The recently patched Windows MSHTML spoofing zero-day bug, exploited by the Void Banshee APT hacking group, has prompted CISA to take action. U.S. federal agencies have been directed to secure their systems against this critical vulnerability by October 7.
Initially disclosed during the latest Patch Tuesday, Microsoft classified CVE-2024-43461 as not exploited but later confirmed exploitation in attacks.Â
Remote attackers can execute arbitrary code once they deceive users into accessing malicious web pages or files. The flaw exists within the way Internet Explorer prompts the user after a file is downloaded.
Exploitation involves disguising HTA files as PDFs using encoded braille whitespace characters to obscure the file extension.

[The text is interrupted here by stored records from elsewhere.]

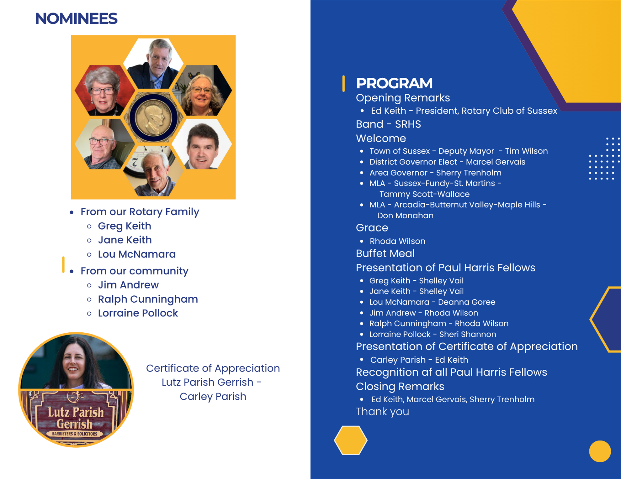 A certificate of appreciation was given to law firm Lutz Parish Gerrish for their Wills Events with proceeds to The Rotary Club of Sussex, Inc. Thank you to Carly and Michel for their hard work.
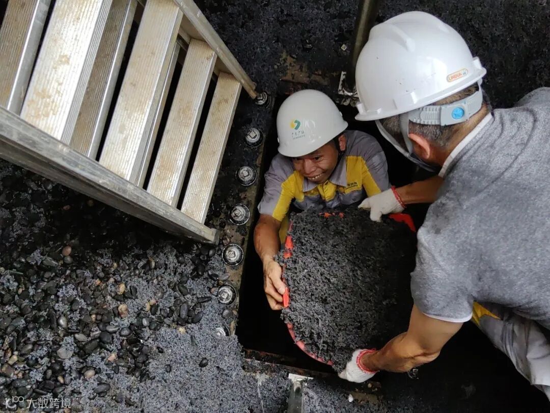 高温湿热阻挡不了党员先锋抢修队员们聚力攻坚的决心。为了快速锁定故障位置,减少滤板滤头二次损伤,抢修队员不得不在狭小的空间里,徒手用簸箕清理故障滤板滤头周边的滤料。他们相互配合,有的负责清理,有的负责接运,各司其职,各尽所能。在池内作业不一会儿,队员们身上的衣服就湿透了,汗水顺着脸颊往下淌,但他们毫无怨言,没有一个人叫苦叫累,抢修作业有条不紊推进。
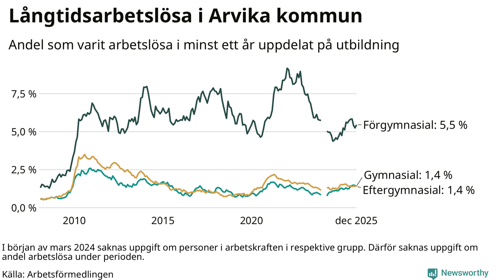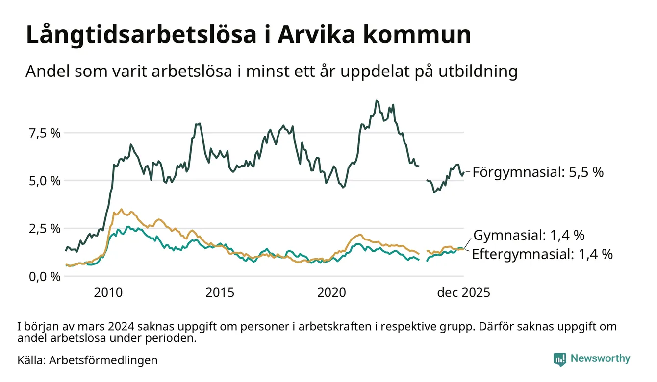Graf över andel långtidsarbetslösa i Arvika uppdelat på utbildningsnivå
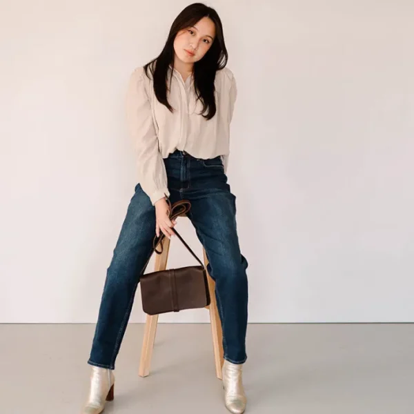 The Off Duty bag is A5 size, which makes it the larger version of our Lunch Break shoulder bag. After all, sometimes lunchbreak is just too short!

This vulnerability enables the deployment of the Atlantida info-stealing malware, which can extract passwords, authentication cookies, and cryptocurrency wallets. The Void Banshee attacks primarily target organizations in North America, Europe, and Southeast Asia for financial theft and data exfiltration.
Used in conjunction with CVE-2024-38112, another MSHTML spoofing vulnerability, it forms a critical exploit chain that was utilized by attackers before July 2024, as Microsoft revealed.
Microsoft's September 2024 Patch Tuesday provides security updates for 79 flaws, including 3 actively exploited and 1 publicly disclosed zero-days, and fixes for 7 critical vulnerabilities, which were either remote code execution or elevation of privilege flaws.
In August, security researchers discovered that attackers with sufficient knowledge of CSS could bypass Microsoft 365's measures for preventing phishing by manipulating the email’s HTML code.